Items listed in a dataset:
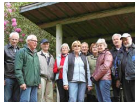
30 maj, Vargarslätt i Simlångsdalen.
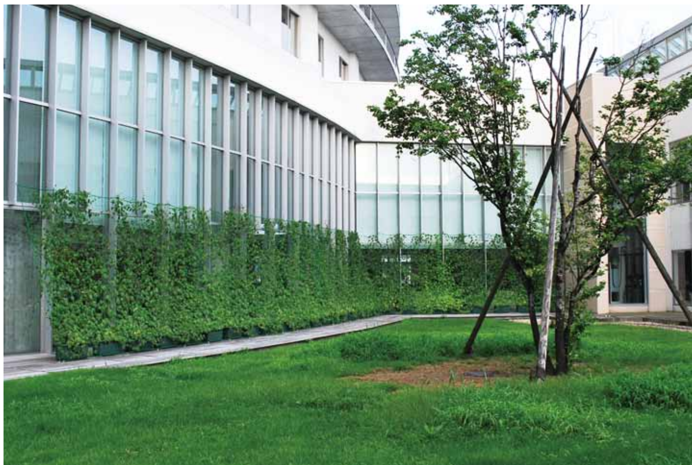
中庭の植木(エゴノキ)と緑のカーテン
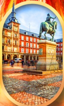
พลาซามายอร์
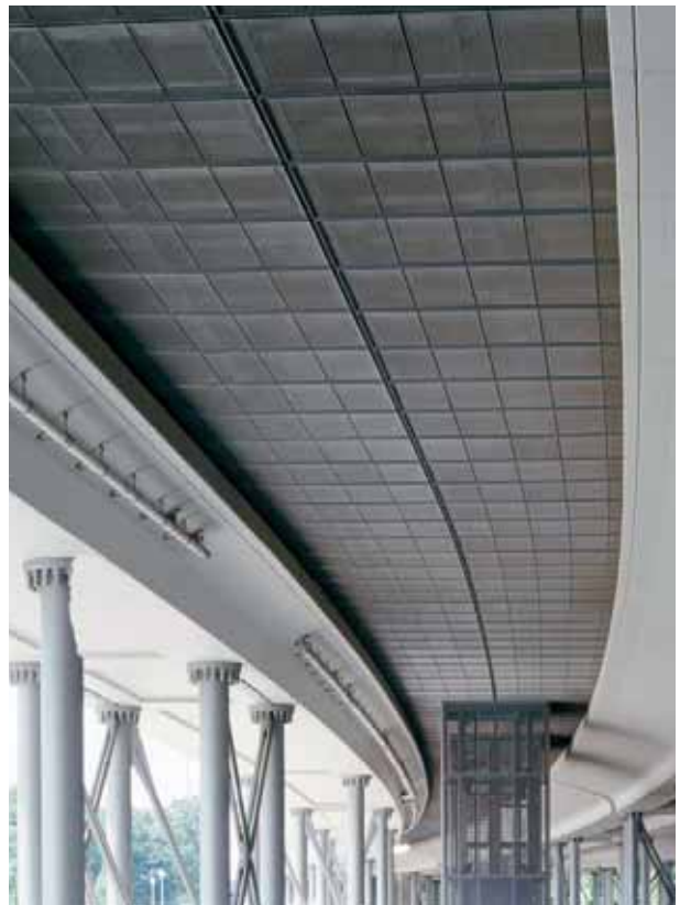
Hotel am Bahnhof, Innsbruck

En este sentido, nuestro servicio abarca las áreas de control de calidad, logística, aprovisionamiento y almacenaje, control de finanzas y evolución del proyecto, así como aspectos relativos a cuestiones de seguridad y salud.
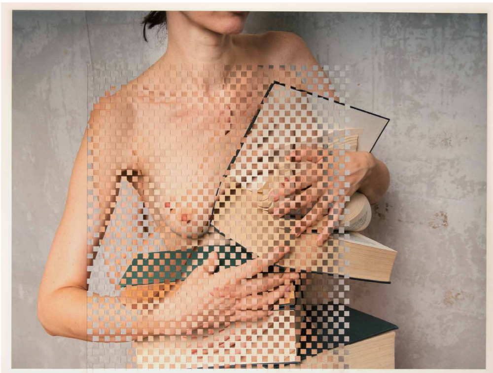
Tarr Hajnalka Tárgykapcsolat 64, 2018, giclée print, szövés, 56×73 cm
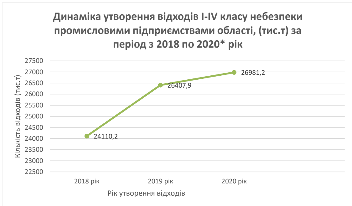
Графік 1. Динаміка утворення відходів I-IV класу небезпеки промисловими підприємствами області.

Динаміка утворення відходів від промислових підприємств області за даними Головного управління статистики у Донецькій області (без урахування частини тимчасово окупованої території у Донецькій області) представлена на графіку 1.
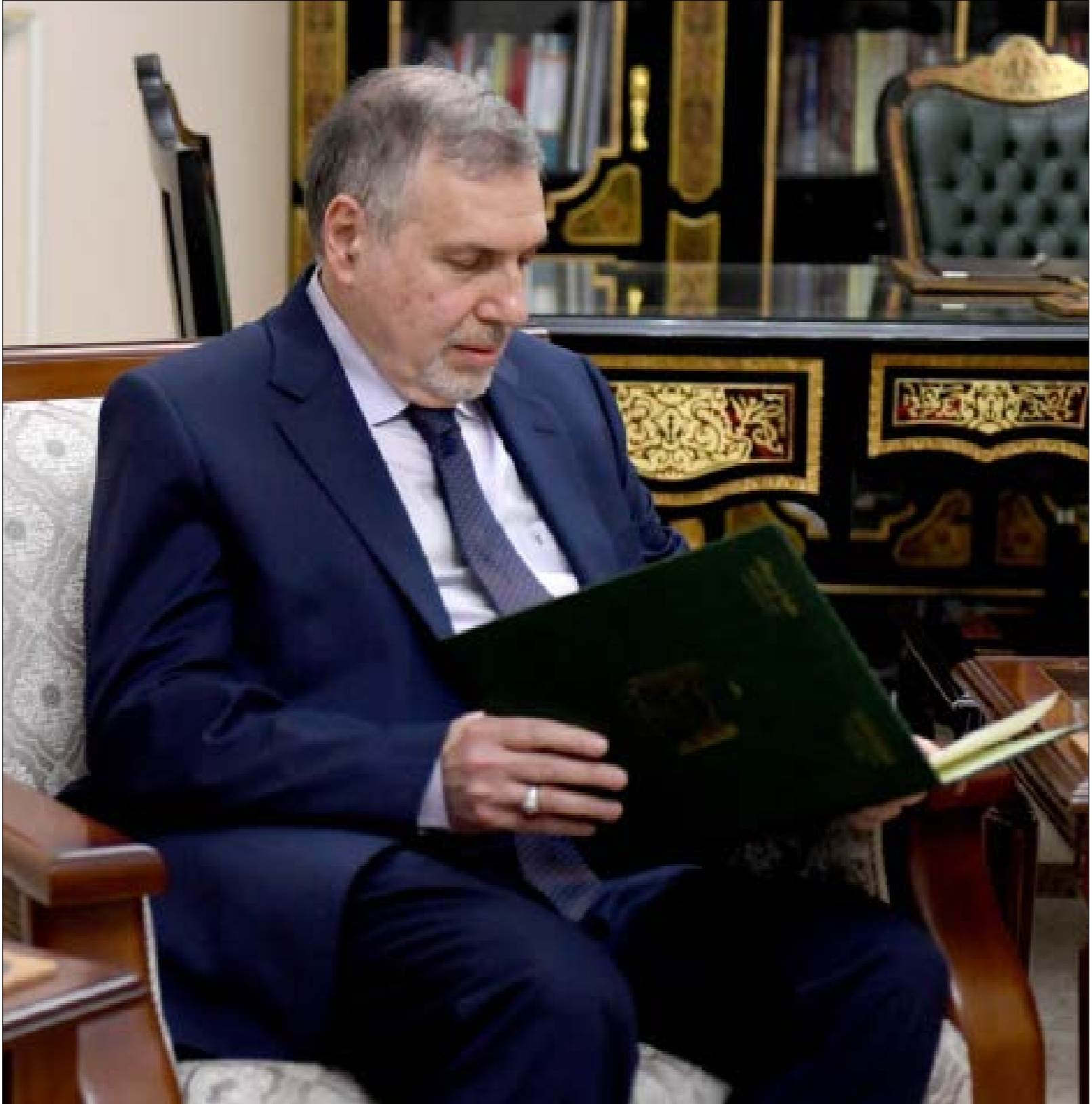
أية تأليف علاوي لحكومة العديدة ستكون «مشابهة»، للآية تأليف حشوات دياب لحكومة في لبنان (الأسواه)

وتسهيل مسار اختيار وزراء تكنوقراط، ورفض «تجديد الثقة» لأي وزير سابق. وذلك إضافة إلى تعزيز الحضور السنوي في الفريق الحكومي التركيبي، وبناء مساكّن من الطُوب للنازحين». وقال: «أردنا إنشاء منطقة آمنة من أجل النازحين، وهذا ما نفعله بخسائر». وردا على سؤال في ما إذا كانت تركيا تخطط للقيام بعملية واسعة في إدلب، ذات اسم محدّد، على غرار عملية «منع السلام»؟ قال إدوغان: «تقوم الآن بالمرحلة الأولى من عملية إدلب، وكما تعلمون تحدثت عن ذلك الجمعة، رأس العين وتل فرودس على محور أبو الظهور. كذلك سيطر على بلدة مردبخ، وتل مردبخ، جنوبي مدينة سراقب. وتمتدّ غرب الطريق الدولي

- Problem requirements -
Take the lines from the first line of the entries through the line with "Hotel am Bahnhof, Innsbruck", inclusive, and give them again exactly, minus any pictures.

- Answer box -
30 maj, Vargarslätt i Simlångsdalen.
中庭の植木(エゴノキ)と緑のカーテン
พลาซามายอร์
Hotel am Bahnhof, Innsbruck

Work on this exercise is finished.